In late 2023, Tsang was handpicked by renowned director Wong Kar-wai to sing for Blossoms Shanghai, Wong's first directed television drama series. A total of 57 Chinese golden oldies were featured throughout the series, out of which four were specially re-recorded by selected young artistes. Tsang covered two of the four songs, namely Su Rui's "Looking Back Again" (再回首)* and Danny Chan's "Desire" (一生何求)*. Blossoms Shanghai first aired nationwide in China on CCTV-8, CCTV-1, SMG Dragon TV, Tencent Video and Jiangsu Television between December 2023 and January 2024, followed by Hong Kong's TVB and Taiwan Mobile's MyVideo channel in 2024, and across Europe, Latin America, India, Korea, North America, UK, Ireland, Australia and New Zealand via MUBI, Filmin, SBS F!L UHD and The Criterion Channel in 2025.

In January 2024, Tsang's version of "Looking Back Again" was digitally released across Greater China, Singapore and Malaysia. One week later, it topped the Hong Kong chart in QQ Music and KuGou, China's two largest music streaming sites, and thereafter rose to the No.1 spot in the CMG Radio The Greater Bay Station's China Original Gold Songs Chart as well as other smaller-scale provincial level music charts across the Mainland. Upon publication of the Blossoms Shanghai OST compilation album in June, "Desire" (一生何求) went on to top several provincial level Chinese radio charts as well.

In March 2024, Tsang's cover of Mavis Hee's "The Fallen City" (傾城) was published. Used as the theme song for the TVB drama Happily Ever After?, "The Fallen City" helped to propel Tsang outside of mainland China and Hong Kong, taking top spot for the first time in both KKBOX Singapore and KKBOX Malaysia's Top Cantonese New Singles Charts, KKBOX Singapore's Top Cantonese Weekly Singles Chart, while reaching No.2 in KKBOX Taiwan's Top Cantonese New Singles Charts.

==== Original Songs ====

In December 2023, one year after his previous single, new song "Magic Carpet" (魔氈)* was released, and clinched the top spot in TVB's Jade Solid Gold Song Chart and Music FM Radio Guangdong's Cantopop weekly chart. Tsang was also able to break into China National Radio's Mandopop dominant charts with the Cantonese language "Magic Carpet", reaching No.3 in both CMG Radio The Greater Bay Station's China Original Gold Songs Chart (華夏原創金曲榜)* and the nationwide CNR Music Radio Station's China Music Billboard (中國Top排行榜).

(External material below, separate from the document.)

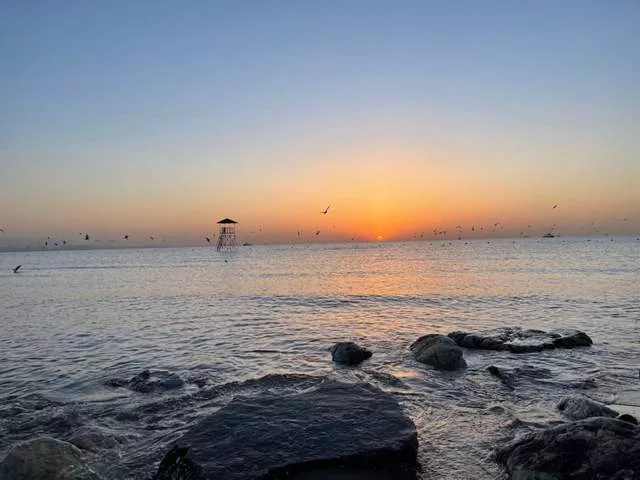 黎明時分,空氣中夾雜著一絲涼爽,清晨的“海邊精靈”在肆意翱翔鳴叫,波光粼粼的海面還有出海的漁船
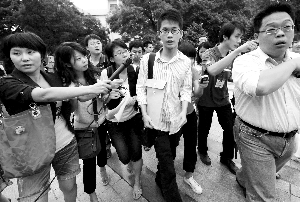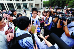 李戡戴著黑邊眼鏡,身穿藍(lán)色豎條的白底襯衫、黑色褲子,不茍言笑。他像一塊磁石一樣吸引著攝像鏡頭和錄音筆,從報(bào)到、辦理飯卡到宿舍,再到校外,李戡一直在不停地回答著記者的問(wèn)題。

In November 2024, Tsang's first original Mandarin R&B single "Talk To Me" was released world-wide. One week later, "Talk To Me" charted directly at No.1 for two weeks consecutively on the Metro Radio Mandopop Power Ranking chart (新城國語力排行榜)*, while taking top spot on CMG Radio The Greater Bay Station's China Original Gold Songs Chart; the nationwide Music Pioneer chart and the KuGou Hong Kong chart, as well as provincial level Chinese music charts, at the same time.

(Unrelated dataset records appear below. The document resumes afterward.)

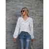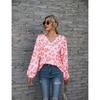 Plus Size Leopard Print V Neck Off The Shoulder Long Sleeved Top for Women
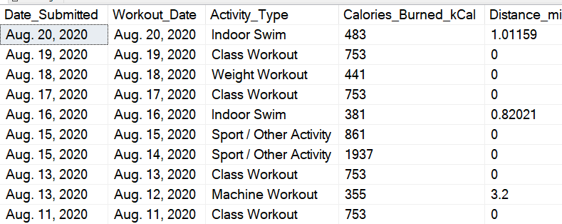 I got some data recently from an online service, MapMyRun.com, where I track my workout data. I’ve been doing this for years, but with some of the instability and security issues with services, I decided I need to periodically grab a copy of my data and load it.
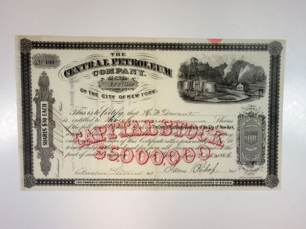 New York, 1866, 100 Shares, I/U, Stock, S/N 160, Black ornate border, Oil well with barrels and storage facility along with their offices top center, VF condition, Hatch & Co.

In January 2025, the second Mandopop single "Wellbeing" (養分)* was released, and went on to top the charts in Hong Kong, Mainland China, and for the first time, in Malaysia (MY FM radio station), while breaking into the Top 5 in Taiwan (AsiaFM station) and Canada (Singtao A1 Chinese radio station).

==== Notable Live Performances ====

In June 2023, Tsang kicked off his first livehouse/hall tour in China. Running over seven months, Mike on shuttle Concert Tour (曾比特穿梭巡迴音樂會)* covered ten stops spanning nine cities from the Greater Bay Area to Shanghai and Chengdu. Tickets for the first stop in Guangzhou were snatched up within hours and all but one stop was sold out for the entire tour, including 3240 seats for the finale which was held in the famous Zhongshan Memorial Hall in Guangzhou.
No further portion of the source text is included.